Bust of a Woman Displayed at MOMA, Disputed in N.Y. Court

  • Gagosian fighting European challenge to sculpture's ownership
  • New York judge being asked to determine the rightful owner

Pablo Picasso’s 1931 sculpture Bust of a Woman, currently on display at New York’s Museum of Modern Art, has also taken center stage in a Manhattan court in a dispute over its ownership.

Art gallery owner Larry Gagosian says he agreed to buy the sculpture of Picasso’s mistress and model, Marie-Therese Walter, for $106 million last year and has a new buyer lined up for the work of art. Gagosian’s deal is being jeopardized by a claim from Pelham Europe Ltd., founded by Guy Bennett, former international head of the Impressionist and modern art evening sales at Christie’s International Plc.

Picasso’s Bust of a Woman

Photographer: Katya Kazakina/Bloomberg

Pelham "claims to have secured an agreement to buy the work at an inexplicably low price," of about $42 million, through an intermediary called Connery Pissarro Seydoux SAS, Gagosian said Tuesday in a court filing in Manhattan federal court. Paying such a minimal amount would have given Pelham a "windfall" worth more than $60 million at the expense of the abstract artist’s daughter Maya Widmaier-Picasso and his granddaughter, Diana Widmaier-Picasso, the art dealer says.

Gagosian asked a judge to declare him the rightful owner.

Picasso’s auction sales tallied $652 million in 2015, according to Artnet, which tracks auction revenue. Picasso’s “Les Femmes d’Alger (Version O)” fetched $179.4 million in May, the highest price for any artwork at auction.

Third Payment

Gagosian says ownership of the work was passed to him Oct. 2, when he made a third payment bringing the total he gave Maya Widmaier-Picasso and the granddaughter to $79.7 million, or 75 percent of the agreed purchase price. Pelham has threatened to have the piece removed from the museum, as it asserts its claim, Gagosian said.

Margaret Doyle, a spokeswoman for MOMA, declined to comment on the lawsuit.

Pelham never took title to the work because its claim is only valid if it made payment in full, Gagosian said. To date, the company paid about 6 million euros ($6.5 million), Gagosian said.

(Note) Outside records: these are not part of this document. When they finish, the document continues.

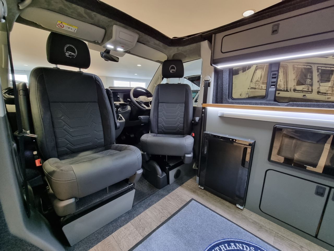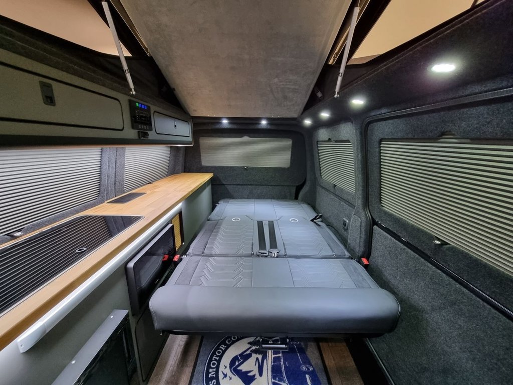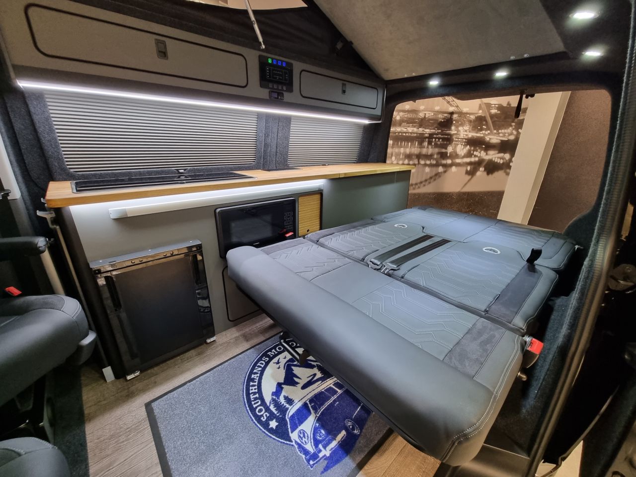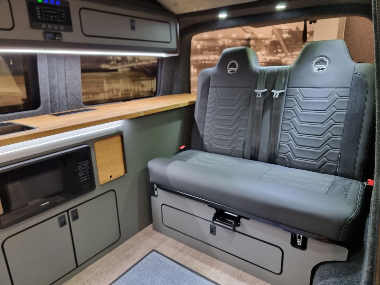 Westdubs poptop roof with scenic canvas Elevating upper bed system Privacy glass all-round Full extended furniture Solid oak worktop with hinged lid for storage Oak tambour doors to match worktop Flush soft close doors with black flush catch's Can double burner and sink unit Fold down tap 50L fridge freezer with LG compressor Dometic camper spec microwave CBE PC180 power management system Sterling split charge system Flush mount soft close sockets - 2 x 240v & 1 x double usb Cool white LED lighting throughout Onboard 130amp leisure battery Onbaord gas locker for 907 gas bottle Under chassis 69L water tank High pressure shower Storage for thetford 335 porta potti within cabinetry Vanshade thermal blinds throughout Planar 2kw diesel heater with 7 day programmable timer M1 tested Fabworx rock n roll bed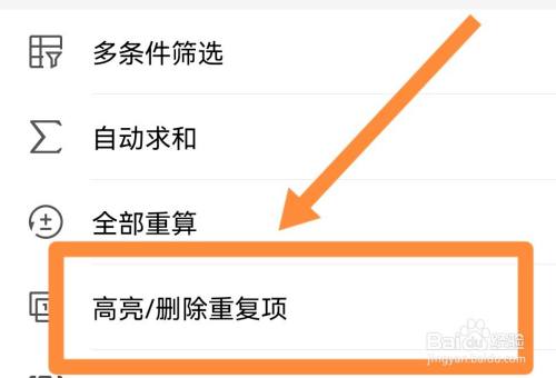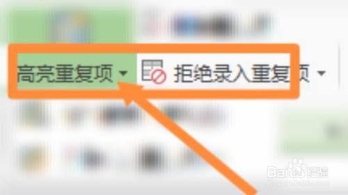 在数据页面中选择点击高亮/删除反复项。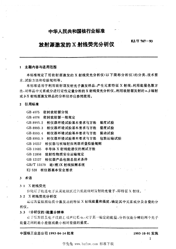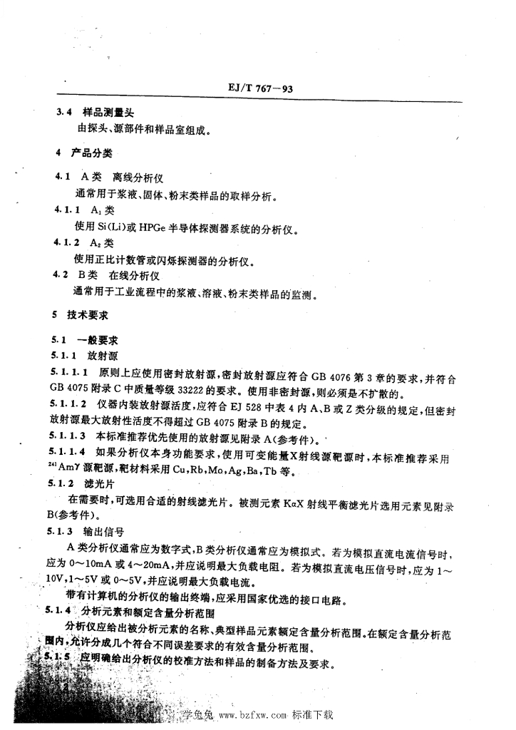 EJ/T 767-1993 放射源激发的X射线荧光分析仪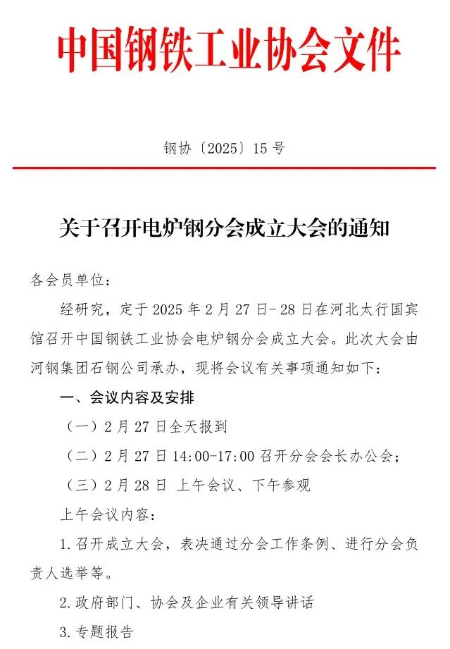 關(guān)于召開(kāi)電爐鋼分會(huì)成立大會(huì)的通知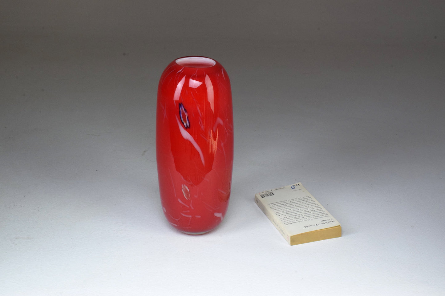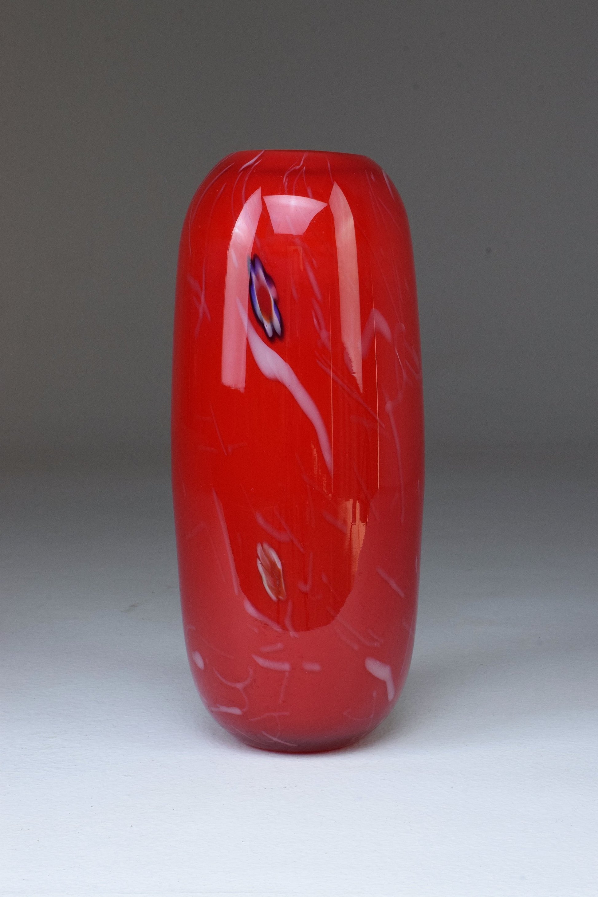 Technique: Incamiciato & sparce murrine vase crafted with double-cased color with a few murrine accents.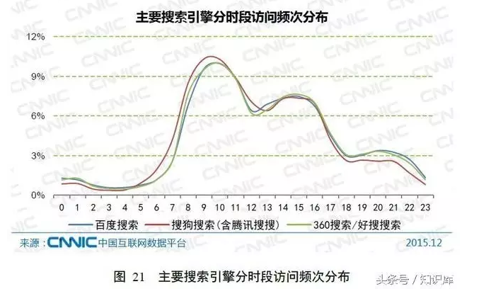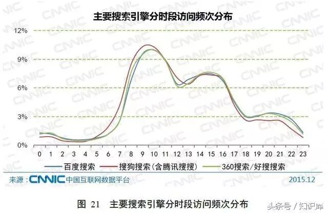 2015年,百度搜索主页、360搜索主页的70%的访问量高峰出现在8点至16点间,搜狗搜索(含腾讯搜搜)主页则在7点至15点间;用户从跳入到跳出同一搜索引擎页面,平均花费34.0秒。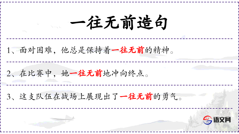 1. 【一往无前】 一往:一直向前;无前:前面什么也挡不住。一直往前,无所阻挡。形容勇猛无畏地前进。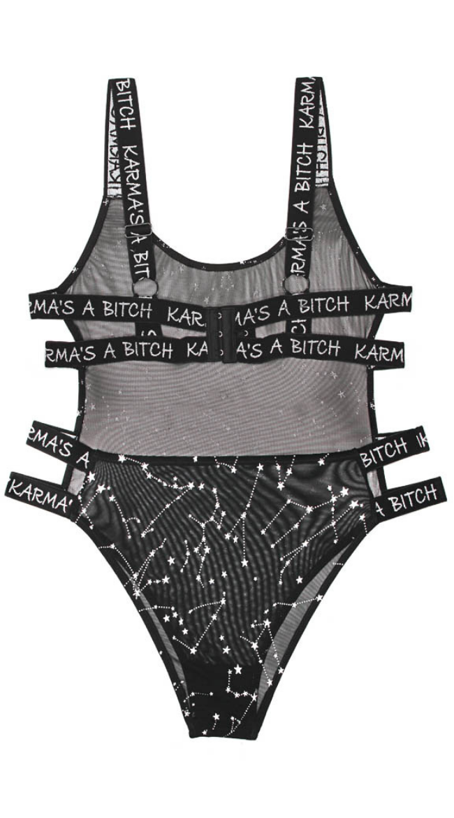 • Open sides with thick elastic straps featuring a "KARMA'S A BITCH" print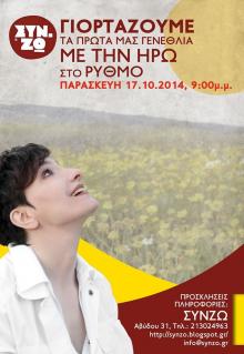 Ο Καταναλωτικός Συνεταιρισμός Ζωγράφου, γιορτάζει τον ένα χρόνο λειτουργίας και δράσης του στην περιοχή των Ιλισίων. Καλούμε όλους και όλες την Παρασκευή 17 Οκτώβρη στις 21.00 στο Ρυθμό (Γ. Παπανδρέου κ Μ. Αλεξάνδρου Ζωγράφου-χάρτης) σε μια μουσική βραδιά με τη φιλική συμμετοχή της καταξιωμένης ερμηνεύτριας Ηρώς.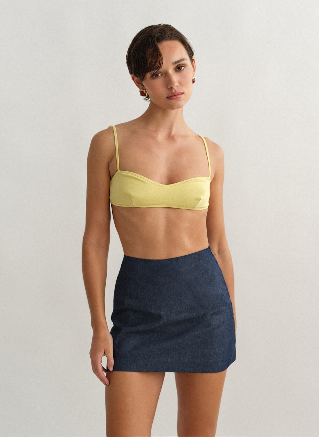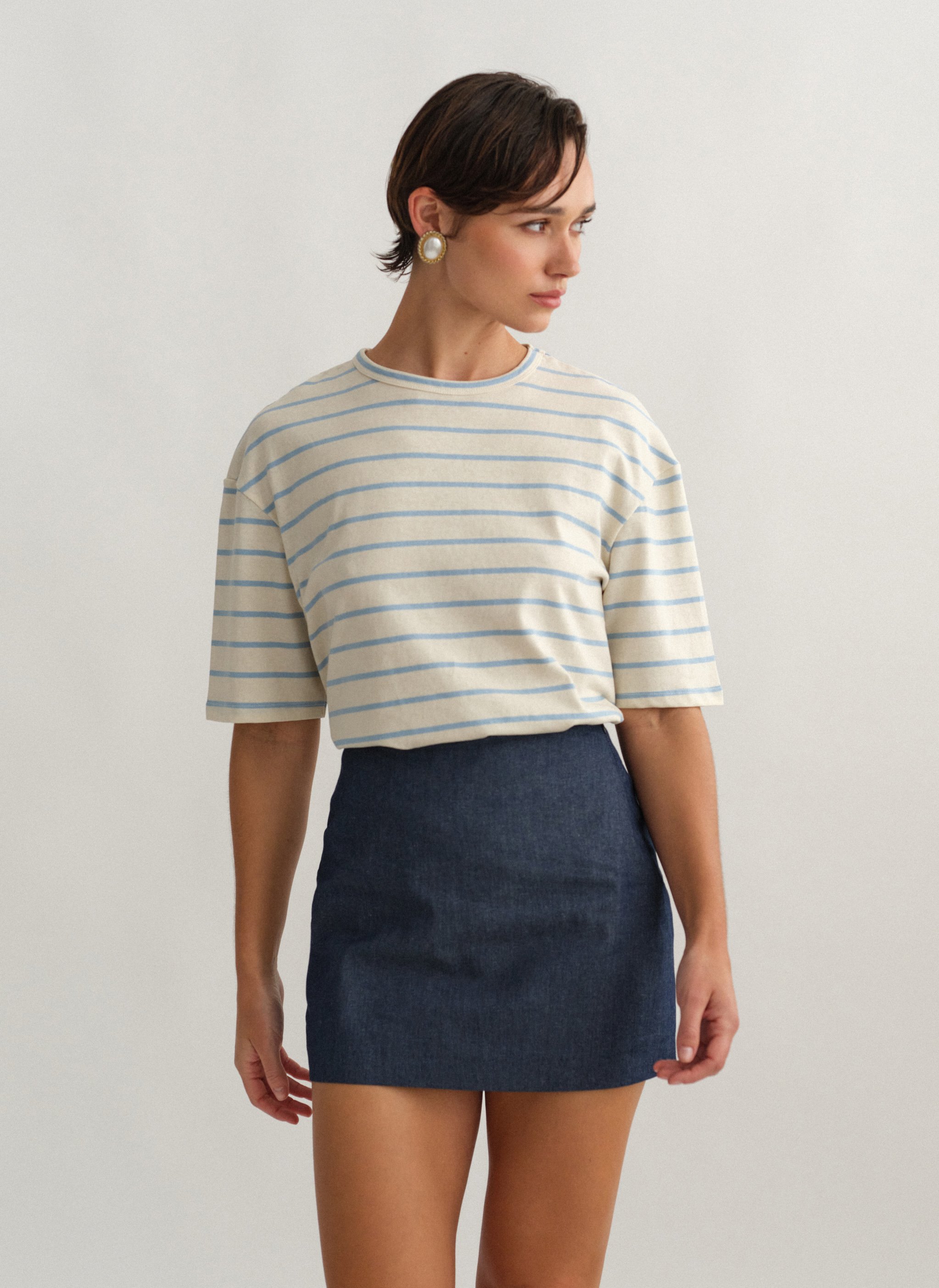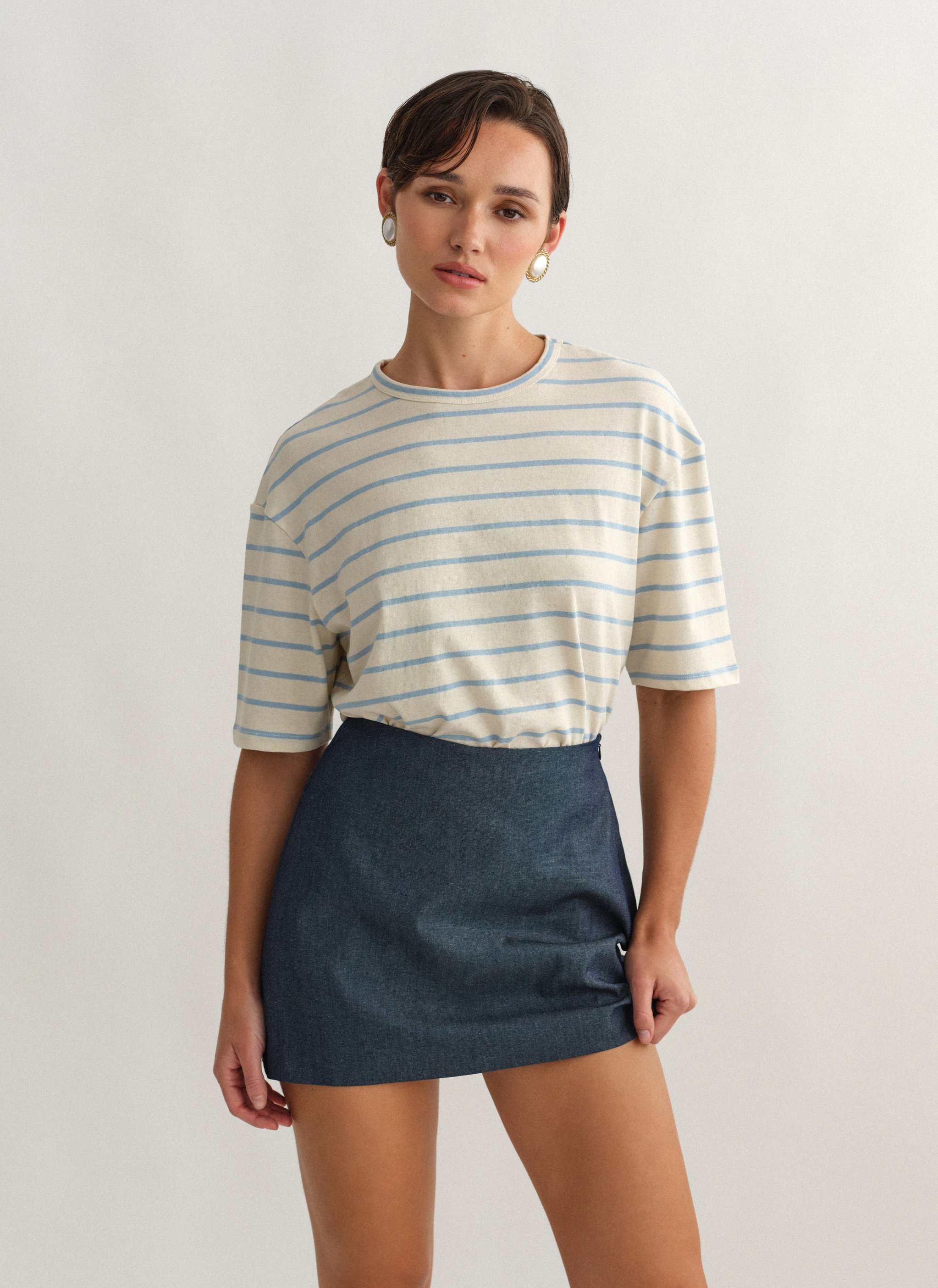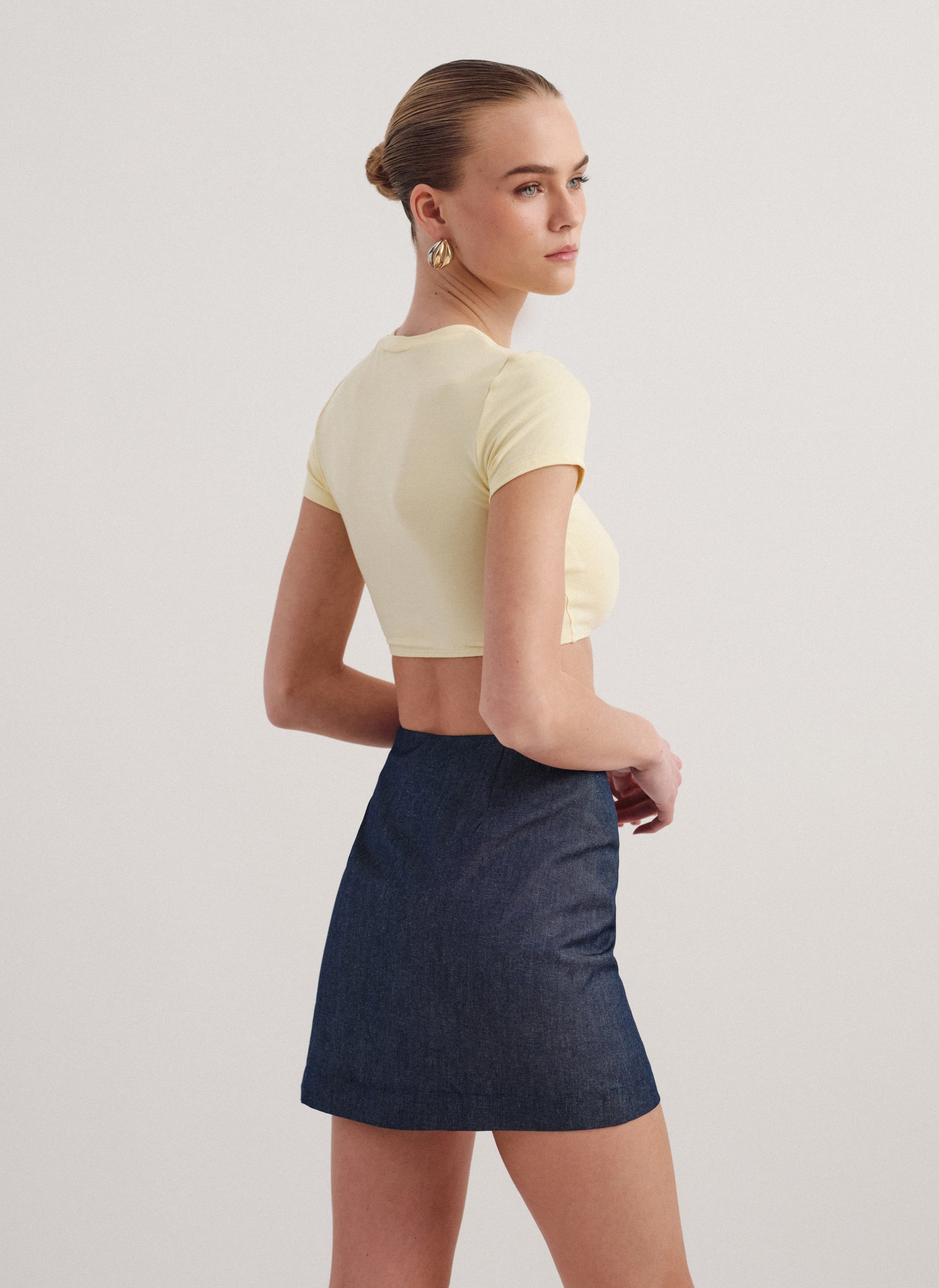 Ψηλόμεση denim παντελονόφουστα με κρυφό φερμουάρ στο πλάι.

Widmaier-Picasso has contested the sale of the sculpture to Pelham as void and returned all the money to the company, according to Gagosian.
Pelham keeps making threats and is trying to gain ownership in other ways, including suing Widmaier-Picasso in Switzerland, Gagosian said. Pelham also asked a French court to seize the work after the New York show closes, Gagosian said. And, Pelham sued in Manhattan in November seeking evidence from Gagosian about the sculpture’s sale.

U.S. District Judge Gregory Woods directed Gagosian on Dec. 23 to turn over any documents he had about his negotiations over the purchase of the sculpture. He has until Feb. 29 to complete the production of the documents.

Both Gagosian and Diana Widmaier-Picasso will have to answer questions under oath about the sale by April 1, according to court documents.

Gagosian’s lawsuit were earlier reported by the New York Times.

The case is Gagosian Gallery Inc. v Pelham Europe Ltd. 16-cv-00214. U.S. District Court, Southern District of New York (Manhattan).